"Il y a un décalage de quatre mois et demi ou cinq mois (par rapport au calendrier initial) en raison de l'encombrement du calendrier parlementaire", a indiqué jeudi à l'AFP le rapporteur de la mission d'information sur la bioéthique, Jean-Louis Touraine, député LREM.
"Une stratégie électorale avant l'intérêt des familles", a sèchement dénoncé le président de SOS homophobie Joël Deumier.
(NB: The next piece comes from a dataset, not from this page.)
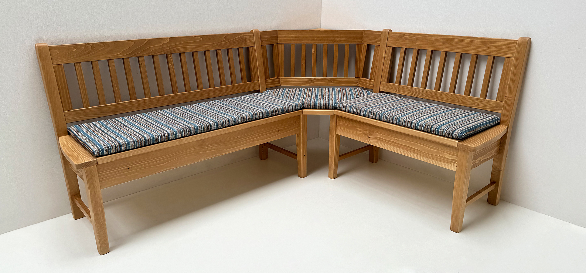 Eckbank Nürnberg 150/190 cm mit Sprossen, Fichte Rosner lackiert, Polstersatz genäht, Venice 101

Celui-ci y voit une manière d'éviter des débats polémiques avant les élections européennes de mai, alors que l'exécutif accuse depuis plusieurs semaines une baisse continue de popularité.
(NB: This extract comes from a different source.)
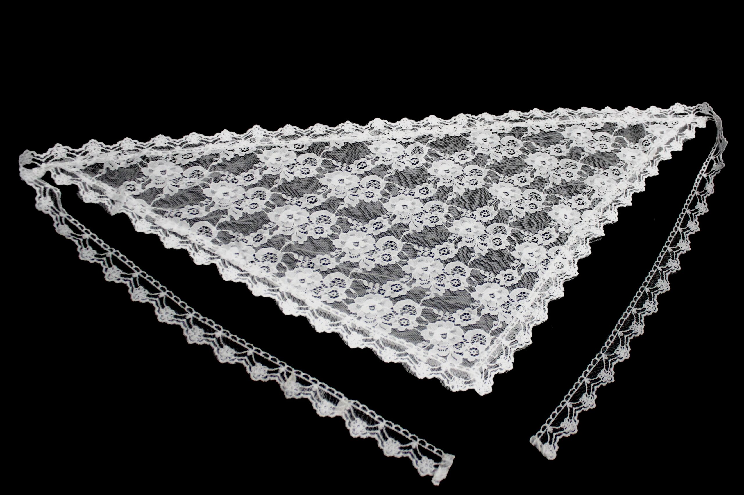 • De scarf is gemaakt van kant en heeft een witte kleur

Le ministère de la Santé a pour sa part indiqué à l'AFP que "l'objectif est de présenter le projet de loi au premier trimestre, quitte à ce que le débat ait lieu plus tard pour des raisons de calendrier".
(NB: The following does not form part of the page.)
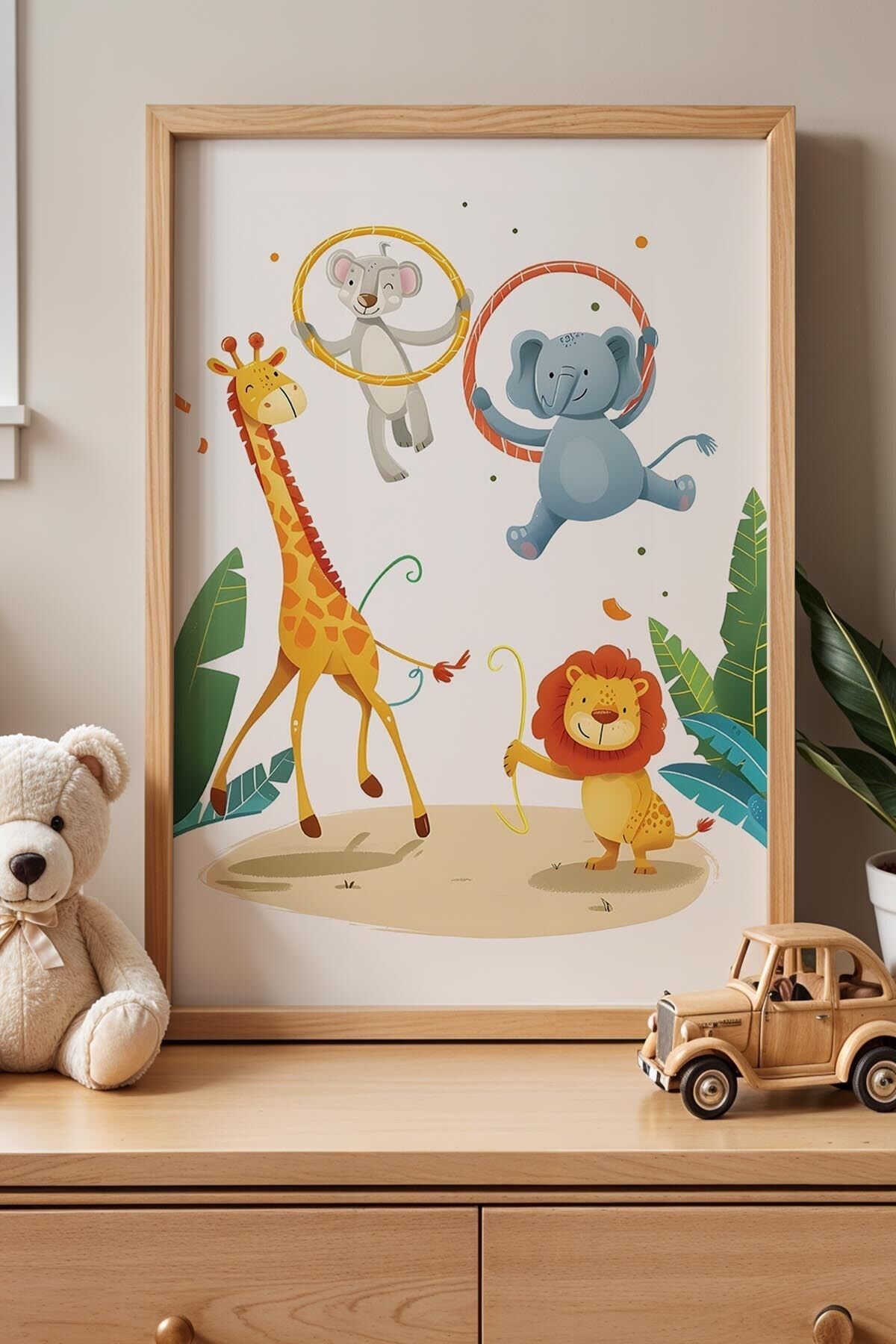 DOĞAL AHŞAP - Hulahopla Oynayan Sevimli Hayvanlar Çocuk Odası Ahşap Çerçeveli Duvar Tablosu

Initialement, le gouvernement avait annoncé qu'il présenterait le projet de loi sur la bioéthique avant la fin de l'année, en vue d'un débat au Parlement au premier trimestre 2019.
Marqueur de la jambe gauche de l'axiome "et en même temps" macroniste, l'ouverture de la PMA à toutes les femmes figurait dans le programme du candidat Macron, qui l'avait toutefois conditionné à un avis favorable du Comité consultatif national d'éthique.
Ce dernier obtenu, ainsi que celui de l'Office parlementaire d'évaluation des choix scientifiques et technologiques, le débat avait glissé sur le terrain politique.
Édouard Philippe avait alors donné le "la": "On peut y aller", avait-il encouragé fin septembre dans L'Émission politique, en se disant "à titre personnel (...) plutôt favorable".
La précaution sémantique rappelait la prudence extrême avec laquelle l'exécutif entendait traiter un sujet jugé sensible, cinq ans après les débats tendus autour de l'ouverture du mariage aux couples de même sexe.
"Il faut créer les conditions pour un débat le plus apaisé possible, pour un projet de loi aux enjeux complexes, dont la PMA n'est pas le plus difficile", a rappelé jeudi l'entourage de la ministre de la Santé, Agnès Buzyn, citant "la congélation des ovocytes, les recherches sur l'embryon, le droit de la filiation".
"On souhaiterait que l'examen soit précédé d'un travail en commun entre les députés et les sénateurs", ont encore commenté les proches de Mme Buzyn.
"Reculade"
Mais l'annonce a été sévèrement reçue par les associations LGBT (lesbiennes, gays, bi, trans). "Nous sommes furieux", a tonné auprès de l'AFP Laurène Chesnel, déléguée Famille de l'Inter-LGBT, lesbienne et mère de deux filles nées par PMA, ajoutant : "on nous fait passer après la réforme constitutionnelle". "Ce n'est pas à nous de payer l'affaire Benalla!", qui avait entraîné le report de ladite réforme, a-t-elle rappelé.
Gaylib, l'association des LGBT de centre droit, rattachée au Mouvement radical, a pour sa part dénoncé auprès de l'AFP "une nouvelle reculade".
Sur le terrain politique, après un flottement certain sur le sujet, la droite s'est mise en ordre ces derniers jours pour batailler contre le projet.
L'extension de la PMA "ouvre la voie à des dérives", a estimé début novembre le président des Républicains Laurent Wauquiez, dans une tribune qui se voulait la ligne officielle du parti.
A contrario, la gauche s'était emparée du débat pour tenter de presser le gouvernement, voire le prendre de court. Lundi, les députés de La France Insoumise avaient déposé une proposition de loi pour un droit universel à la PMA.
Chez les députés de La République en Marche, la question fait pourtant quasiment consensus, à l'exception notable d'une élue de l'Oise, Agnès Thill, recadrée depuis par ses collègues.
La procréation médicalement assistée, ou l'insémination artificielle par don de gamètes anonyme, est aujourd'hui autorisée pour les couples de sexes différents infertiles ou risquant de transmettre une maladie à l'enfant. Le projet prévoit de l'ouvrir aux couples de femmes, ainsi qu'aux célibataires.